13

I have a query with an ORDER BY clause which uses a column which is the last column on an index which is being used in the WHERE clause, essentially of the form:

SELECT
  cols
FROM
  tables
WHERE
  col_1 = x
  AND col_2 = y
  AND col_3 = z
ORDER BY col_4

and the index is created on columns (col_1, col_2, col_3, col_4) in that order.

When I profile the query over 99% of the time is spent in the "Sorting result" state. col_4 is a timestamp column if that makes any difference. I understand that ORDER BY can only use an index under certain circumstances, but I'm still a bit mystified as to precisely when the optimiser would do so.

2 Answers 2

17

You should append EXPLAIN EXTENDED before query and see result yourself.

It should have an entry for

  • possible_keys

If this column is NULL, there are no relevant indexes. In this case, you may be able to improve the performance of your query by examining the WHERE clause to check whether it refers to some column or columns that would be suitable for indexing.

and

  • Keys

The key column indicates the key (index) that MySQL actually decided to use. If MySQL decides to use one of the possible_keys indexes to look up rows, that index is listed as the key value.

For more information you can refer this Explain output and Explain join_types

2
  • I understand, my question specifically, is to do with the ORDER BY clause. My query is using the index specified to restrict the rows returned but given the performance of the sort I'm guessing it isn't using it for the ORDER BY clause. Commented Jun 27, 2012 at 14:13
  • 1
    In some cases, MySQL can use an index to satisfy an ORDER BY clause without doing any extra sorting. The index can also be used even if the ORDER BY does not match the index exactly, as long as all of the unused portions of the index and all the extra ORDER BY columns are constants in the WHERE clause.

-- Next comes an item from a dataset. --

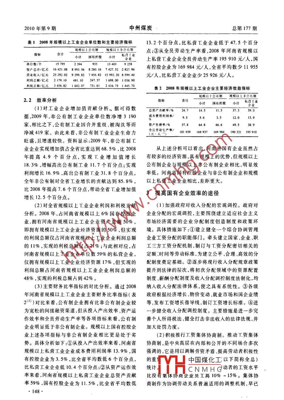 2010年第9期中州煤炭總第177期河南省國有企業(yè)效率分析鄭新成(河南工程學院,河南新鄭451191)摘要:改革開放以來,雖然河南工業(yè)經濟實力顯著增強。但作為河南省工業(yè)發(fā)展的微觀基礎一國有企 業(yè)和非公有制工業(yè)企業(yè),在效率上存在顯著差異。通過對國有企業(yè)和非公有制工業(yè)企業(yè)財務指標的對比分析,從分配效率的角度探索了提高河南省國有企業(yè)效率的途徑。關鍵詞:河南省;國有企業(yè);非公有制企業(yè);分配效率中圈分類號:F275文獻標識碼:B文章編號:1003 - 0506(2010)09 -0147 -03造的利潤分別只相當于廣東省、山東省、江蘇省的1河南工業(yè) 概況62. 9% ,57. 3% ,70.2% ,河南省工業(yè)發(fā)展效率依然河南既是傳統的農業(yè)大省和人口大省,又是新低下。興的經濟大省和工業(yè)大省。改革開放以來;河南省總之,改革開放以來,河南T.業(yè)實現了快速的增工業(yè)經濟持續(xù)快速發(fā)展,工業(yè)經濟實力顯著增強。長。但工業(yè)經濟總體結構不合理、發(fā)展方式粗放等截至2008年,全省全部工業(yè)增加值達到9546.08問題制約著工業(yè)企業(yè)的效率。與此同時,不同所有億元,全部工業(yè)增加值占全省GDP的比重首次超過制工業(yè)企業(yè)之間,效率也存在顯著的差距。有關數50% ,達到51. 9%,比2007年提高1.9個百分點,比據顯示,公有制工業(yè)企業(yè)反映企業(yè)效率的指標,如盈2003年提高10.0個百分點;工業(yè)增長對全省經濟利能力、資產運作效率、全員勞動生產率等,明顯低.增長的貢獻率達到65. 3% ,比上年提高0.3個百分于非公有制企業(yè)的相關指標,說明公有制工業(yè)企業(yè)點,帶動全省GDP增長7.9個百分點。2009年,在.的整體效率低于非公有制工業(yè)企業(yè),一定程度上也.金融危機對全省實體經濟沖擊下,全省工業(yè)增加值影響到河南工業(yè)經濟的健康發(fā)展。仍達9 858.40億元,比2008年增長11.4%。其中2近年來不同所有制企業(yè)財務指標對比規(guī)模以上工業(yè)增長14.6% ,增幅居全國第14位,全.部工業(yè)經濟總量和規(guī)模以上工業(yè)總量繼續(xù)位居全國改革開放以來,河南省工業(yè)經濟平均以每年各省市區(qū)第五、中西部省份第一川。13. 3%的速度持續(xù)發(fā)展。但經濟發(fā)展中,工業(yè)企業(yè)應該看到,河南省工業(yè)經濟的快速增長,主要依.規(guī)模過小、產業(yè)集中度不高,特別是國有工業(yè)企業(yè)與賴于生產要素的高投人和資源能源的高消耗,經濟其他所有制企業(yè)相比,效率低下問題依然突出。結構過于偏重資源、原材料工業(yè)?,F有工業(yè)結構仍2.1規(guī)模分析以勞動密集型和初加工產品為主,重工業(yè)中采掘業(yè)、河南省不同所有制工業(yè)企業(yè)相比而言,由于私.原材料T.業(yè)所占比重達60%以上,輕工業(yè)中以農產營經濟和外商經濟發(fā)展滯后,國有企業(yè)仍具有較大品為原料的加T業(yè)所占比重近80%。結構不合理、的規(guī)模優(yōu)勢。以2008年為例,規(guī)模以上國有控股單發(fā)展方式粗放等仍是河南省經濟發(fā)展的典型特征。位數933家,占河南省規(guī)模以上工業(yè)企業(yè)單位數數據顯示,2007年,盡管河南CDP已經達到1.5萬6%,擁有資產總額占到近50%,營業(yè)收人占到近億元,穩(wěn)居全國第5位,但規(guī)模以上的工業(yè)企業(yè)所創(chuàng)30% ;同期規(guī)模以,上私營工業(yè)企業(yè)單位數9258家,占河南省柳植1上τ山企業(yè)單位數近59% ,擁有資收稿日期: 2010-08-13中國煤化工近34<%2。2008 .基金項目:河南省政府決策研究招標課題(項日編號:B407)年河HCN M H G和主要經濟總量作者簡介:鄭新成(1964-),男,河南郵陵人,剮教授,1987年畢業(yè)指標見表1。于蘭州大學,主要從事管理和會計實務研究工作。147●2010年第9期中州煤炭總第177期表12008年規(guī)模以上工業(yè)企業(yè)單位數和主要經濟指標13.2個百分點,比私營工業(yè)企業(yè)低于47.5個百分規(guī)模以上公有制規(guī)模以上非公有制點;③從全員勞動生產率看,2008年河南省規(guī)模以指標合計小計國有控股小計 在 設工業(yè)上私營T.業(yè)企業(yè)全員勞動生產率195 910元/人,國單位數/個15 795239413 401 9 258資產總計/億元16421.08 8993.56 8280.16 7427.52 2827.96有控股企業(yè)為169 984元/人,全省平均數少11 955營業(yè)收入/化元25292.02 9299.82 7456.82 15992.20 8599.40元/人,比私營工業(yè)企業(yè)少25 926元/人。利潤總額/億元2179.10 481.10 247.37 1698.00 1038. 90利稅總額/化元3458.82 1 042.07 731.61 2416.75 1 445.70表22008年規(guī)模以上工業(yè)企業(yè)主要經濟效益指標規(guī)模以十公有制規(guī)模以工非公布制2.2效率分 析揩標聞有挖股小計 私營工業(yè)(1)對工業(yè)企業(yè)增加值貢獻分析。據可得數總資產亦獻率/% 2414.511.5據,2009年,非公有制工業(yè)企業(yè)單位數凈增3 190成本費用利潤率/ 9.5..512.013.9家,相比之下,公有制工業(yè)因合并重組、被淘汰等而費產負債卑/%49.538.9凈減419家。由此來看,非公有制T.業(yè)企業(yè)生命力全員勞動生產率/181 939168937 169 984190321 195 910旺盛,且增速較快。資料顯示:2009年,非公有制工業(yè)企業(yè)實現增加值占全省比重達到68.5%,比2008從上述分析可以看出,河南省國有企業(yè)雖然占年提高4.9個百分點,實現工業(yè)增加值增長有較多的經濟資源,具有規(guī)模上的優(yōu)勢,但規(guī)模以上18.3% ,

The following queries use the index to resolve the ORDER BY part refer this dev.mysql.com/doc/refman/5.0/en/order-by-optimization.html Commented Jun 27, 2012 at 14:28
4

You use EXPLAIN on your query (explain select-or-whatever-your-query-is).

possible_keys show the ones that could be used, key the one actually used.

1
  • 1
    To add to that: explain format=json select ... is even more powerful. It includes used_key_parts, which tells you whether a composite key was used partially or fully, and index_condition will tell you which part of the query is responsible which index.